Hasse principle for $H^2$ of a maximal torus of a split simply connected group?

Question

Let $k$ be a number field, and let $G$ be a split simply connected algebraic group over $k$. Let $\Omega_k$ denote the set of places of $k$. Let $T$ be a maximal torus of $G$ (defined over $k$). Consider the second Tate-Shafarevich group $$ Ш^2(k,T)=\ker\left[H^2(k,T)\to\prod_{v\in\Omega_k} H^2(k_v,T)\right].$$

Question. Is it true that $Ш^2(k,T)=1$ for any maximal torus $T$ of any split simply connected $k$-group $G$?

Note that the answer is YES for $G=SL_n$. Indeed, then $T=\ker[N: S\to {\mathbb G}_m ]$, where $S$ is a maximal torus in $GL_n$. We have a cohomology exact sequence $$ 1\to H^2(k,T)\to H^2(k,S)\to H^2(k,{\mathbb G}_m)$$ and similar exact sequences for any place $v$ of $k$. We see that $Ш^2(k,T)$ embeds into $Ш^2(k,S)$. Since $S$ is a product of tori of the form $R_{L_i/k}\, {\mathbb G}_{m,L_i}$ where each $L_i$ is a finite extension of $k$, we have $$ Ш^2(k,S)=\prod_i Ш^2(k,R_{L_i/k}\,{\mathbb G}_{m,L_i})=\prod_i Ш^2(L_i,{\mathbb G}_m)=1, $$ hence $Ш^2(k,T)=1$.

Answer 1

This is a partial answer inspired by comments of Jason Starr. I show that the answer is YES for $G=\mathrm{Sp}_{2n}$ (and also for the classical non-simply-connected groups $\mathrm{SO}_{2n+1}$ and $\mathrm{SO}_{2n}$).

Let $T\subset G$ be a maximal torus. The Galois group ${\Gamma}=\mathrm{Gal}(\bar k/k)$ acts on the character group $X(T)$ via $\mathrm{Aut}\, R(G_{\bar k},T_{\bar k})$, and hence, via the Weyl group $W$. We know that $$ W=(\pm 1)^n\rtimes S_n.$$ We have $G\subset \mathrm{GL}(V)$, where $V=k^{2n}$. Our torus has $2n$ different eigenspaces in $V$ with characters $\chi_1,-\chi_1,\chi_2,-\chi_2,\dots$, which are naturally divided into pairs. The Galois group ${\Gamma}$ acts on these characters and on the pairs.

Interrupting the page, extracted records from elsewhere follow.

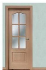
32-6VM HAYA VAPOR
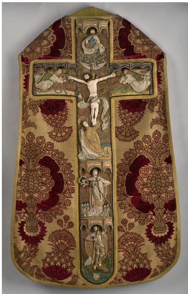
Figura 5: Dietro di una casula, Tesoro della Cattedrale di Esztergom, n. inv. 1964. 303

Dato che gli inventari del 1818 e del 1852 registrano ancora quest'oggetto come "caerulea", cioè di colore blu, è probabile che in seguito sia stato messo su un fondo nuovo. 31 Dal libro d'inventario del 1818 si evidenzia che a Nagyszombat (Trnava, SK), negli anni prima del trasferimento a Esztergom, c'erano in
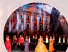
Együtt az Autistákért Gála
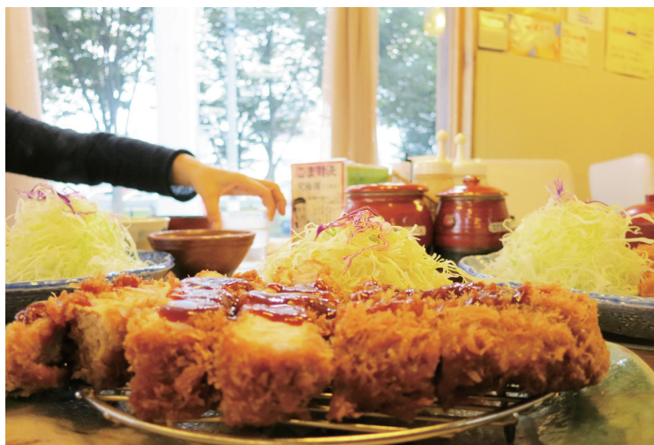
「Let's KATSU」 (嶋崎雄基)

Let ${\Gamma}_1$ denote the stabilizer of the pair $(\chi_1,-\chi_1)$ in ${\Gamma}$, and let ${\Gamma}'_1$ denote the stabilizer of $\chi_1$ in ${\Gamma}$. Let $K_1\subset{\bar k}$ and $K'_1\subset {\bar k}$ denote the subfields corresponding to ${\Gamma}_1$ and ${\Gamma}'_1$, respectively, then either $K'_1=K_1$ or $K'_1$ is a quadratic extension of $K_1$. Let $X=X(T_{\bar k})$ denote the character group of $T$, and let $X_1$ denote the subgroup of $X$ generated by the characters $\sigma\chi_1$ for $\sigma\in\Gamma$. Then $X_1$ is a $\Gamma$-invariant direct factor of $X$, and we obtain a direct factor $T_1$ of $T$, where $$ T_1=R_{K_1/k}\, S_1,$$ and $S_1$ is a certain one-dimensional torus over $K_1$. Namely, if ${\Gamma}'_1={\Gamma}_1$, then $S_1$ is a split one-dimensional $K_1$-torus; otherwise it is the nonsplit one-dimensional $K_1$-torus that splits over the quadratic extension $K'_1/K_1$. We see that $T$ is a product of the Weil restrictions $T_i=R_{K_i/k}\, S_i$ of one-dimensional tori $S_i$ corresponding to the orbits of the Galois group in the set of pairs of characters of $T$. Since $Ш^2$ is trivial for a one-dimensional torus, it is trivial for $T$.